В прохладном, слабо освещенном амбаре ее голос звучал для Хамида странно впечатляюще, будто ее слова отпечатывались в самой его душе. Пока она говорила, он не сводил глаз с ее лица и потом всю жизнь помнил то, что она сказала ему тогда.

— Четыре года тому назад твой отец во время великого паломничества на могилу святого пошел туда вместе со мной. Это было далеко, нужно было идти через гору, и мы оставили вас, детей, с бабушкой. Взяли только Авессалома, потому что он был еще грудной; я несла его на спине. После того, как мы побывали на могиле, твой отец пожелал идти дальше в город, чтобы поторговать на ярмарке; это было в двадцати милях. Мы шли весь день от восхода до заката солнца. Страшно палило солнце, машины проносились мимо, поднимая клубы пыли, так что мы почти задыхались от нее. С трудом добрались мы до города. Мои ноги были изранены и в волдырях, а Авессалом все время плакал, у него был жар. Глаза его опухли и не раскрывались. Я вымыла его глаза чистой водой, но это мало помогло. Спать нам пришлось под открытым небом во дворе гостиницы.

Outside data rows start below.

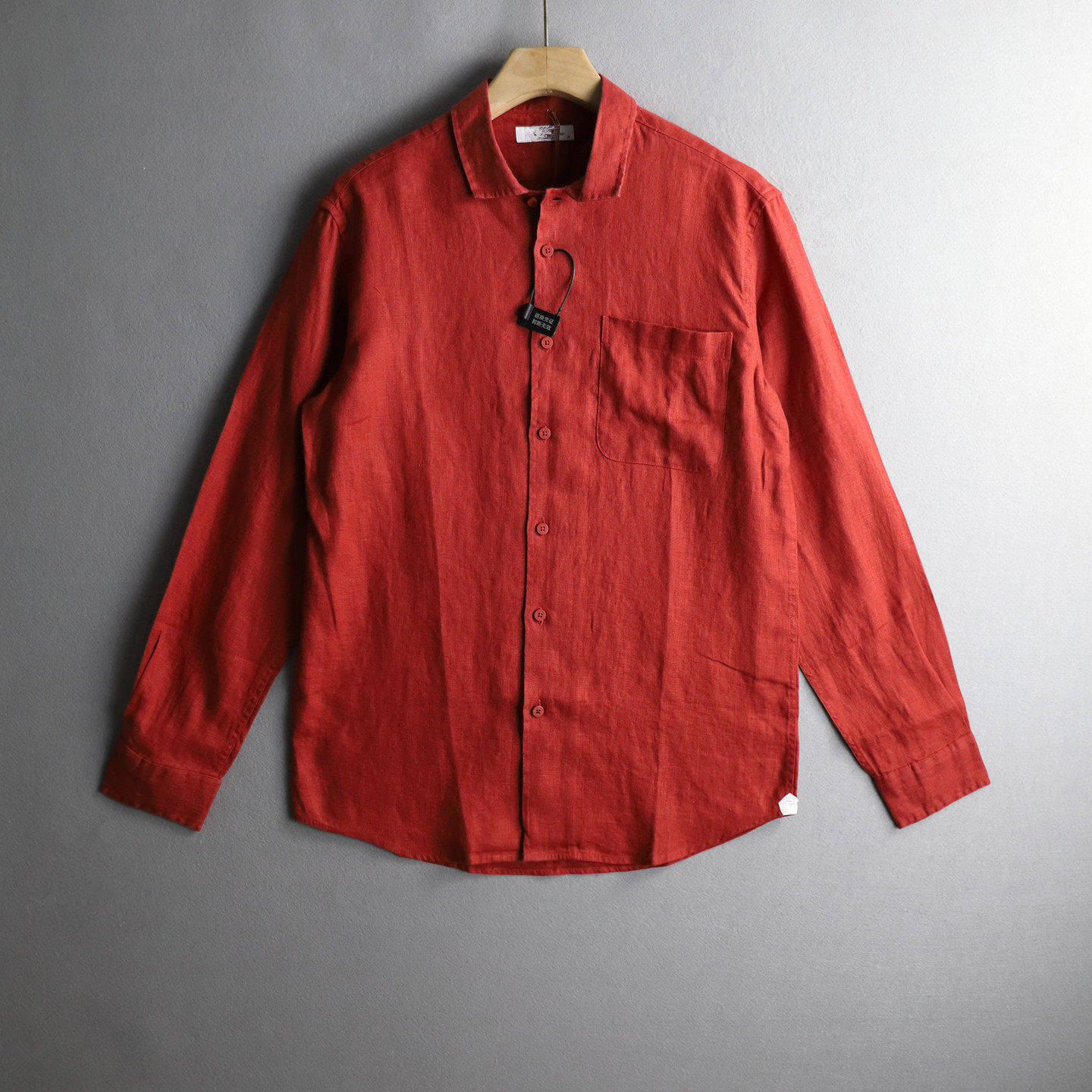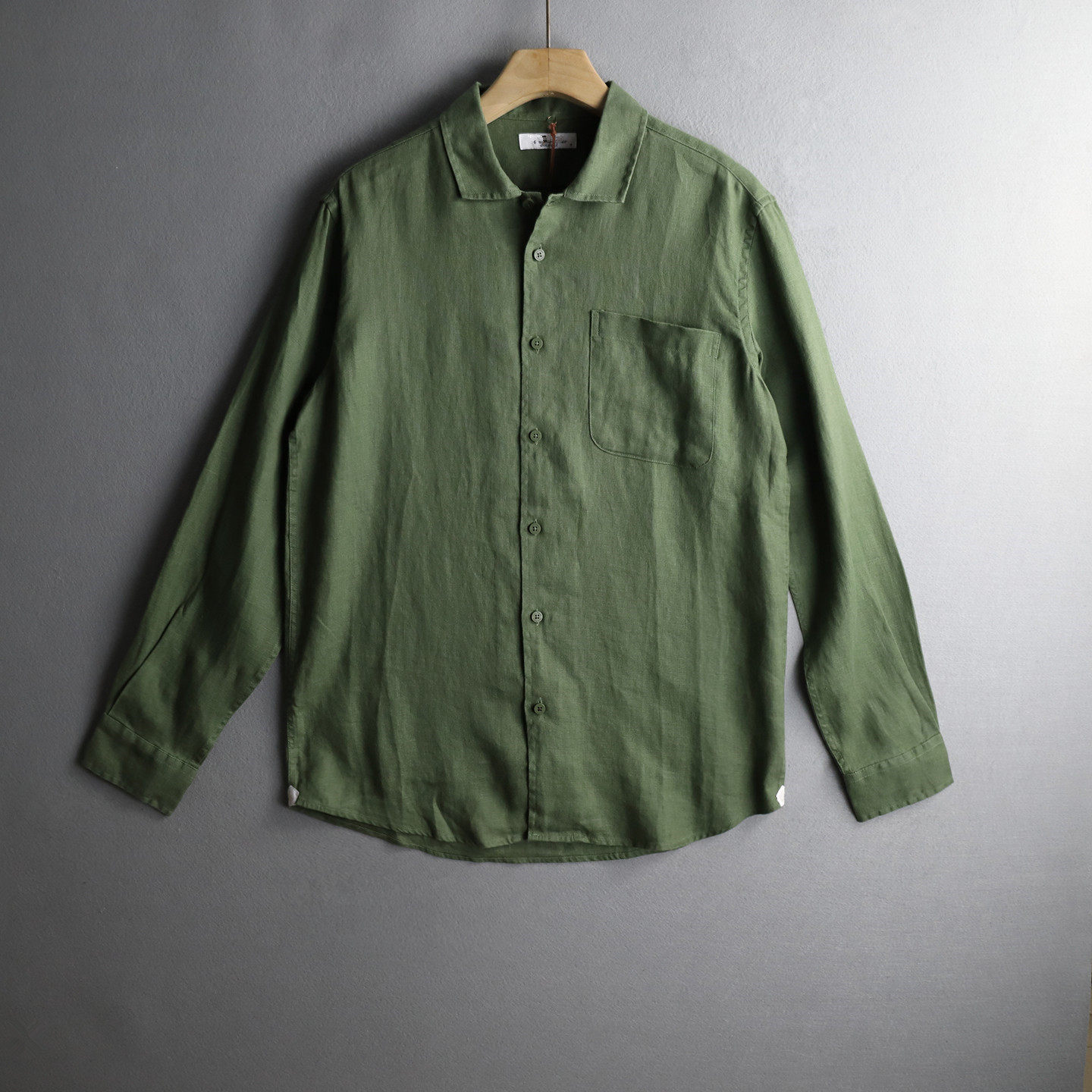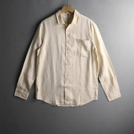 优外汇 欧美L家原货四季款纯色口袋高端亚麻男士翻领奢华长袖衬衫
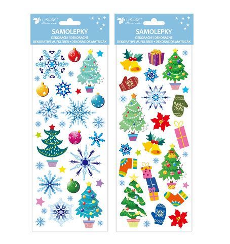 Samolepky s glitry- vhodné na hladké plochy (sklo, výloha, zrcadlo, kachličky, stěny)- rozměr archu: 13 x 34,5cm
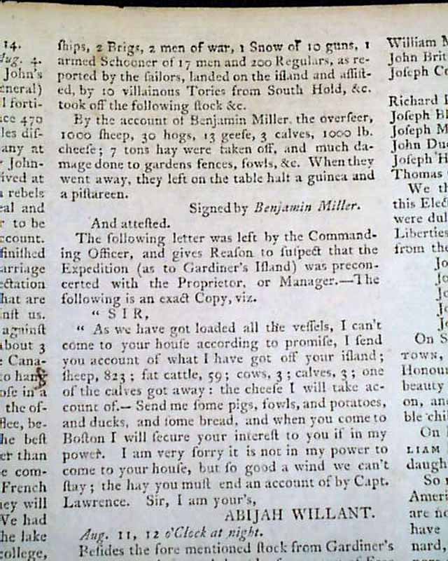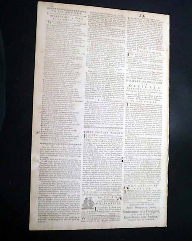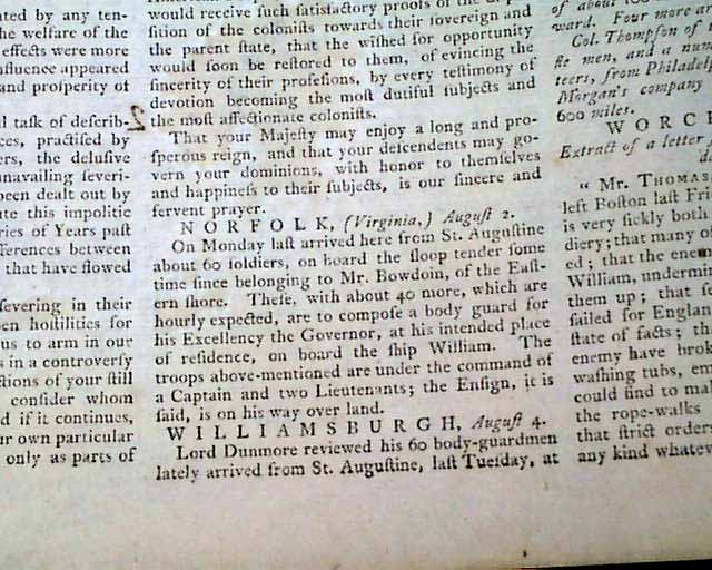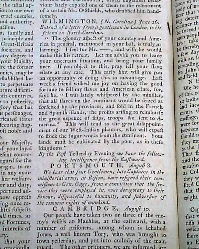 This issue has other fine war-related content as well including a letter from London to a friend in North Carolina noting in part: "The gloomy aspect of your country & America in general...is truly alarming...advise you to leave your uncertain situation & bring your family over...". Page 3 has a letter noting in part: "...that General Gage has demolished the Castle. Mr. Hancock shewed me a letter from a gentleman in Boston...that General Gage had sent all his family to England & that the whole army would leave Boston soon, 'twas supposed he would first destroy the town; the destination of the troops is not known, may it not be for New York?...there are 2500 of Gage's men killed & died since the battle of Bunker's Hill; they have buried 30 Regulars a week for a long time...Mr. Hancock shewed me a letter from General Washington which confirms the departing of the troops." More war-related content as well.
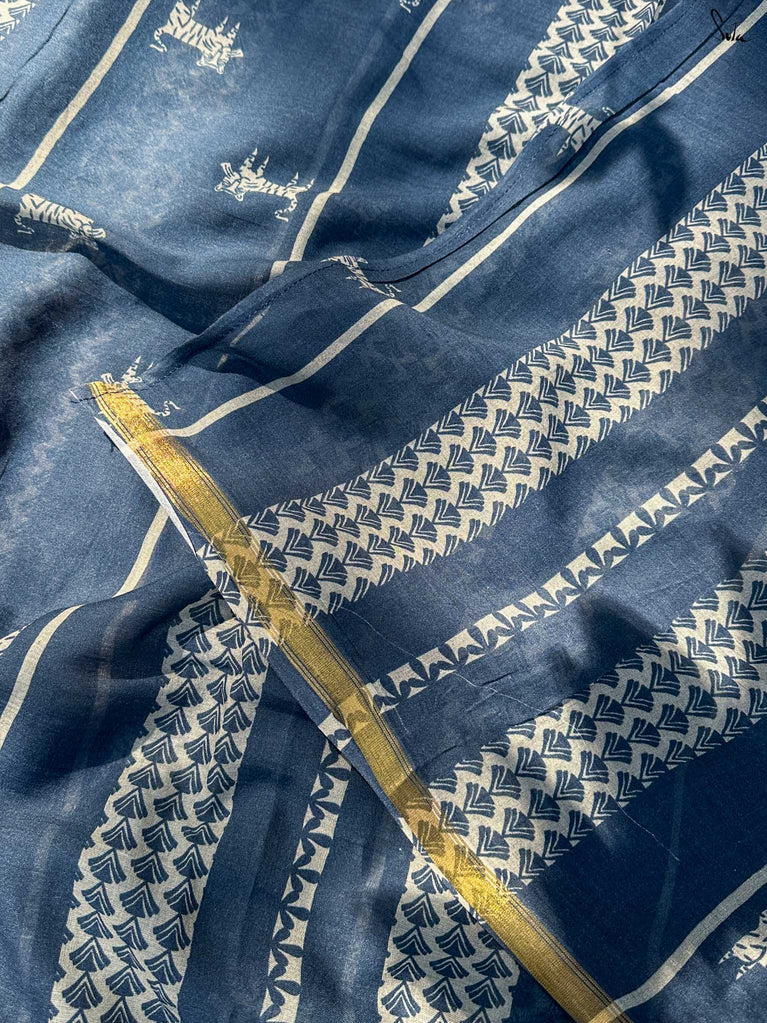 This uniquely beautiful grey, mustard and maroon made in heaven mul saree is truly a sight to behold!
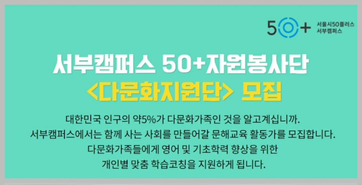 서울시50플러스 서부캠퍼스는 이주민 사회적협동조합과 함께 다문화가족의 생활 안정화에 기여하고자  50+자원봉사단 <다문화가족지원단>을 운영하고 있습니다. 지원단 활동 기간은 6월부터 11월까지이며, 지역 내 다문화가족을 대상으로 다양한 기초학력 향상 교육과 돌봄 프로그램을 지원합니다.
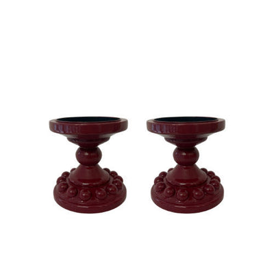 Pair of Deep Red Bobbin Candle Holders (Small)
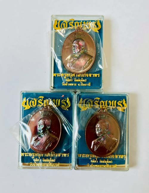 เหรียญหลวงพ่อทอง รุ่น เจริญพร 54 เนื้อทองแดงนอกลงยาสีธงชาติ เลข 4322 |
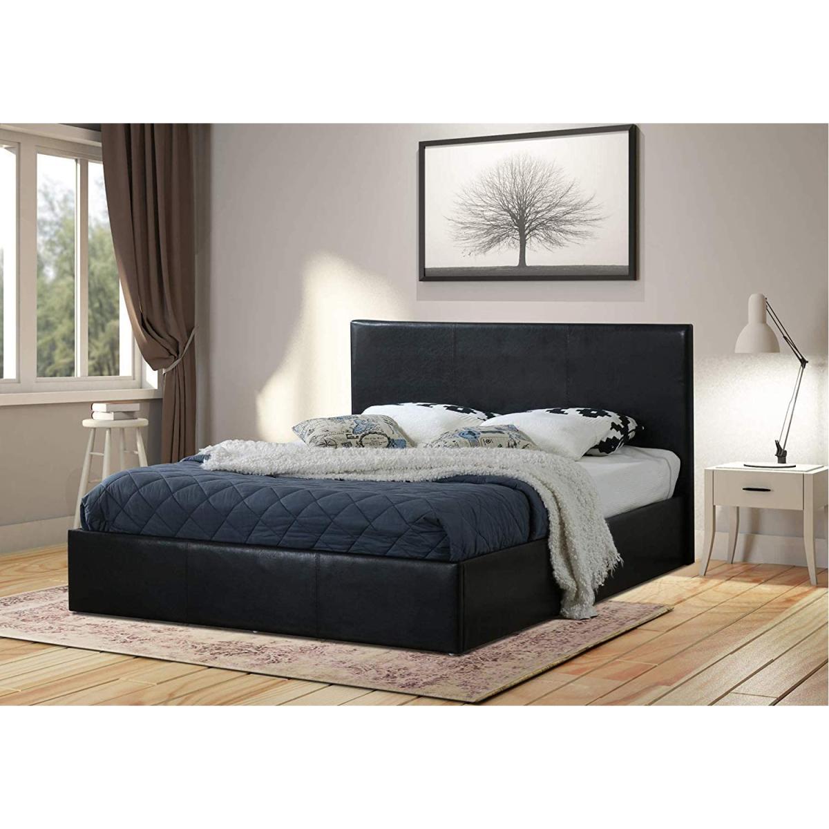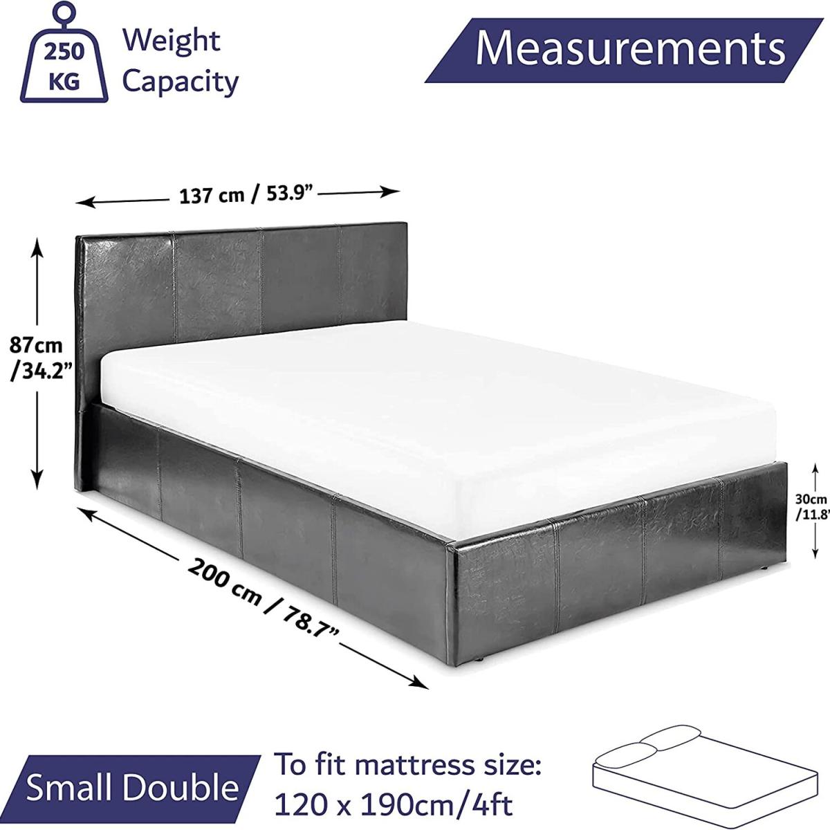 Black leather storage bed frame upholstered in a beautiful soft touch faux leather with a stitched headboard. Under bed storage compartment with huge holding capacity, twin gas lift arms front opening. An ideal piece of bedroom furniture for any interior, sleek black design lets you sleep in style. Easy access gas-assisted lifting arms for use by all ages. Comfortable padded headboard, sides and footboard for both comfort and styling. Durable strong steel internal frame frame with centre support legs, and sprung wooden slats to absorb the weight. Pocket & Memory Foam Mattress Highest comfort premium hybrid mattress - Thick 16cm up to 660 independant pocket springs mould to the body. High-density foam +memory foam 2cm quilted top layer. Medium Firm- British Standard Certified. Breathable hypoallergenic cool touch cover. Anti-dust + Anti-mite
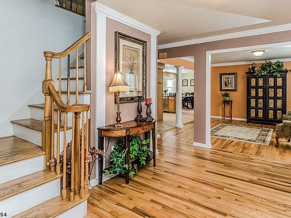 This is the home you've been waiting for in sought after Nestlingwood. Meticulously cared for w/newer windows & furnace, this 4 BR, 2 ??? BA home set on 0.95 acres, w/hardwood floors throughout, boastsmany impressive features including paver walkways, stone front & custom landscaping. A huge deck & patio surround the heated in-ground pool overlooking the pvt wooded property. Another highlight is the eat-in Kit w/SS appl, granite cntrs & tile flr. Entertain in the Fam Rm w/built-in dry bar & wine frig warmed by a gas FP. On the 2nd lvl, the MBR boasts a walk-in closet & newer en-suite BA. 3 add'l BRs, a full BA & Leisure Rm complete this lvl. You & your guests will love the walk-out fnshd Bsmnt that features a Home Theater, Rec Rm & a new door to the back yard. Top rated schools & close to commuting Rts.
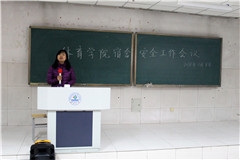 会议伊始,李涛老师对每周二例行的检查进行总结,分析了卫生与安全的问题,批评了卫生不达标的宿舍,同时指出了床帘、电源、电瓶车电池充电、吸烟等影响个人安全的现象,要求宿舍安全员要负起责任并排查安全隐患,若有安全隐患需及时反馈。为接下来的宿舍文明月活动做准备。接着,李谦老师提出五个意识:规则意识、责任意识、主人翁意识、团队意识,以此规范学生的行为。学院党委副书记、副院长卢琦,指出学校和学院对宿舍安全重视性极高,宿舍是窗口,通过窗口可以加深其他人对我院印象,并宣传肉视频
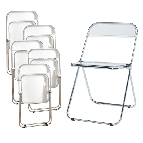 KAIHAOWIN Lyxig modern transparent hopfällbar stol akryl fällstolar – spöke stapelbar kristallsits – PC plast vardagsrum säte – kromram accent sidostol för utomhus inomhus
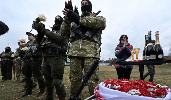 بينما كان القسيس ورفاق العروسين في قوات الدفاع الأوكرانية، الذين اصطفوا للمشاركة في موكب الزواج حاملين قذائف صاروخية وصواريخ مضادة للدبابات، يرتدون الزي العسكري أيضاً.
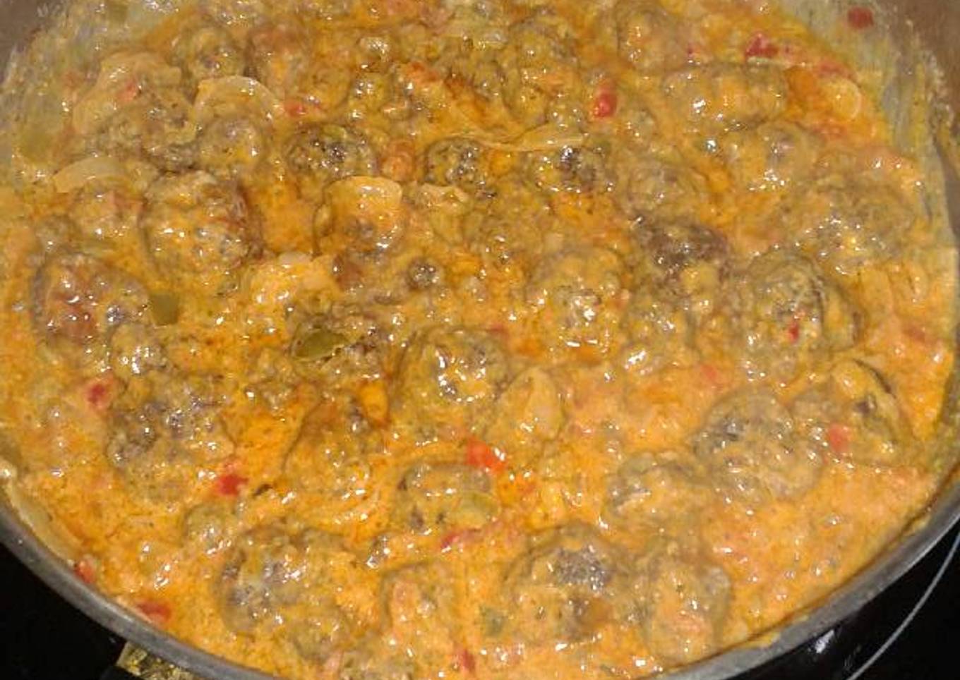 - Hacer bolas con la masa de la carne, freír y añadirlas a la verdura, remover, poner la nata para cocinar al gusto y tomate frito y listo
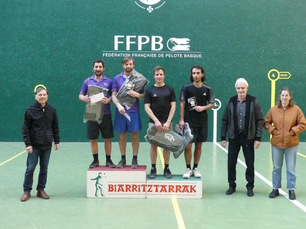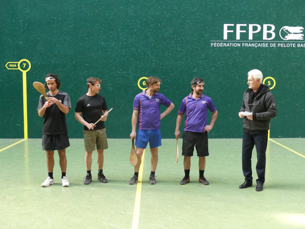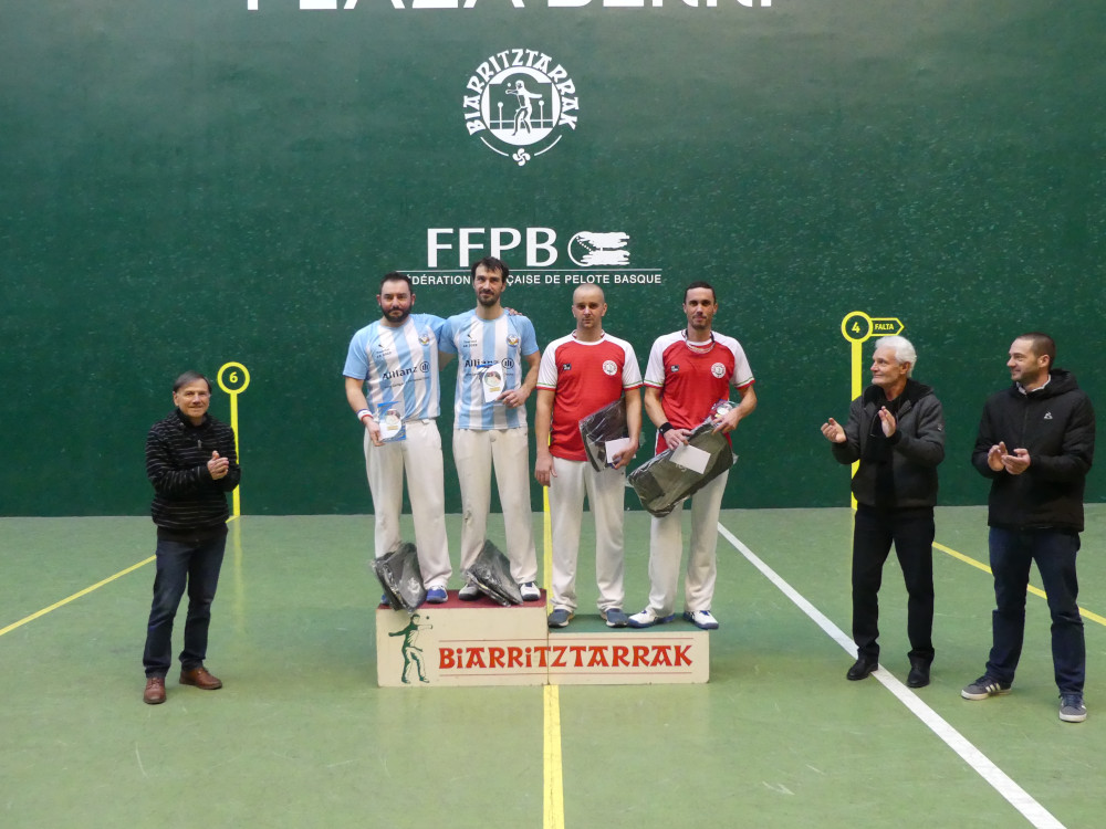 La finale de 1ère série aura bien tenu ses promesses. Belle partie de près d\’une heure de jeu, avec 4 acteurs qui ne se sont pas épargnés. De bonnes attaques à l\’avant à mettre au crédit de Thomas Nicol qui aurait pu insister pour peser davantage sur son vis à vis Christian Latxague toujours aussi lucide et efficace. De son côté Jérôme Thobert voulant par trop imposer sa puissance s\’est usé contre un Gérard Labeyrie impeccable de bout en bout. Au final, trop de fautes \ »grossières\ » par manque de maîtrise conduiront Jérôme et Thomas à s\’incliner sur le score de 35 à 28. Deuxième titre consécutif pour la paire Christian Latxague et Gérard Labeyrie. Félicitations à eux.
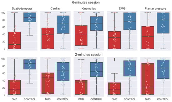 The measurements of the five categories were assessed for 2 and 6 min intervals, thereby obtaining a score for each category and for each period. The categorical scores represent deviations of the pathological subjects in the five domains compared to a normal gait. For each category, a score of 100 indicates that the domain is not affected, that is, the subject behaves like the control population. Figure 4 shows the distribution of the scores for each of the categorized variables for both groups.

Когда мы проснулись, я почувствовала облегчение, но глаза Авессалома опухли еще больше. Твой отец ушел на ярмарку, а я сидела с ребенком на руках, защищая его глаза от солнца и отгоняя мух, которых было очень много, потому что во дворе было много ослов. Пока я так сидела, вышла какая-то женщина и заговорила со мной. Во время разговора она случайно увидела ребенка.

— Твой ребенок болен? — спросила она.

— Да, — ответила я и показала ей его лицо. Она быстро встала и сказала:

— Пойдем со мной, не теряя времени. Я поведу тебя к одной английской медсестре. Она даст твоему дитяти хорошее лекарство и вылечит его. Она вылечила моего маленького сына, когда ему в глаза попала колючка.

Я медлила.

— У меня нет денег, — объяснила я.

— Это неважно, — ответила женщина, — она святая женщина и лечит без денег, ради любви своего Святого. Он добрый Святой и имеет жалость и милосердие к бедным.

— Но, — возразила я, — англичане богатые и живут в роскошных домах. Она не примет меня.

— Нет, она живет в таком же доме, как мы все, — ответила женщина, — и кто приходит к ней за исцелением, тоже бедные. Она никому не отказывает, говорю тебе, что она принимает всех во имя своего Святого.

Итак, я пошла за ней, хотя и очень боялась, но со страстной надеждой получить лекарство, которое вылечило бы моего мальчика. Она провела меня к крайнему дому на узкой улице. Дверь была открыта, и много людей выходило из дома: все бедные, как и я, с детьми, привязанными на спинах. Некоторые несли бутылочки с лекарством, и у всех были радостные лица.

Мы пришли как развовремя, потому что в комнате почти никого не было, и чуть позже мы бы не застали эту сестру дома. Это была высокая белокурая женщина с голубыми глазами. Я ни разу не видела женщин, подобных ей. Она разговаривала со всеми очень любезно, и я видела, что обращалась она с детьми так, будто это были ее родные дети. Пока я наблюдала за ней, мой страх прошел и, когда все ушли, я подошла к ней и показала Авессалома. Она подвела меня к циновке, и мы сели вместе. Она взяла Авессалома на колени и осмотрела его глаза. Руки ее были очень нежными, он даже не заплакал. Она задала мне много вопросов о нем, затем дала лекарство от лихорадки и мазь для глаз.

Пока она ходила за всем этим, я рассматривала картину на стене. На ней был изображен человек с добрым лицом, который держал на руках маленького ребенка, а много других детей, ухватившись за его одежду, смотрели на него. Я спросила женщину, кто этот человек, и она ответила, что Его зовут Иисус, которого Бог послал на землю, чтобы показать нам путь в Небесное царство. Она много рассказала о Нем: как Он лечил больных, делал слепых зрячими и любил всех людей — бедных и богатых, взрослых и детей. Я не могу вспомнить все, что она говорила, но я знаю, что она любила того Человека на картине и хотела быть похожей на Него. Вот почему она принимала всех больных, была к ним добра и давала лекарство. Вот почему она приняла и моего Авессалома…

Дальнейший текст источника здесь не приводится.